Page:Liszt - Pages romantiques, 1912, éd. Chantavoine.djvu/225

La bibliothèque libre.
Le texte de cette page a été corrigé et est conforme au fac-similé.

VIII[1]

À M. LAMBERT MASSART[2]

En vérité, mon ami, c’est un grotesque personnage que celui de musicien-voyageur.

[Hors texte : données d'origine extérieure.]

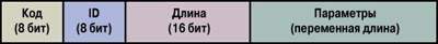 Хотя согласуемые параметры на каждом уровне, естественно, свои, формат их представления в конфигурационных пакетах всегда один и тот же: описание каждого параметра (или группы взаимосвязанных параметров) состоит из двух однобайтовых полей — кода и длины, за которыми следует поле значения (значений) переменной длины (рис. 4). Число, заносимое в поле длины, соответствует суммарному размеру полей описания параметра, поэтому поле значений может занимать от 0 до 253 (255-2) байт. Его содержимое целиком зависит от параметра.

Je n’en connais point qui fasse une plus piteuse figure, une plus fâcheuse contenance, alors qu’il s’en va de contrée en contrée, de ville en ville, de bourgade en bourgade, merveille ambulante au milieu des immuables merveilles de la nature, célébrité d’un jour passant à l’ombre des grands noms qui ont traversé les siècles ; inutile baladin, troubadour malencontreux, mêlant le son de sa guitare au bruit des discordes civiles, au retentissement des luttes et des déchirements qui travaillent le monde.

Le peintre qui voyage ne s’engage point dans d’aussi choquants contrastes ; il vit indépendant et solitaire ; la nature extérieure, qu’il aime, qu’il

  1. Gazette Musicale, 2 septembre 1838.
  2. Lambert Massart (1811-1802) violoniste, professeur au Conservatoire.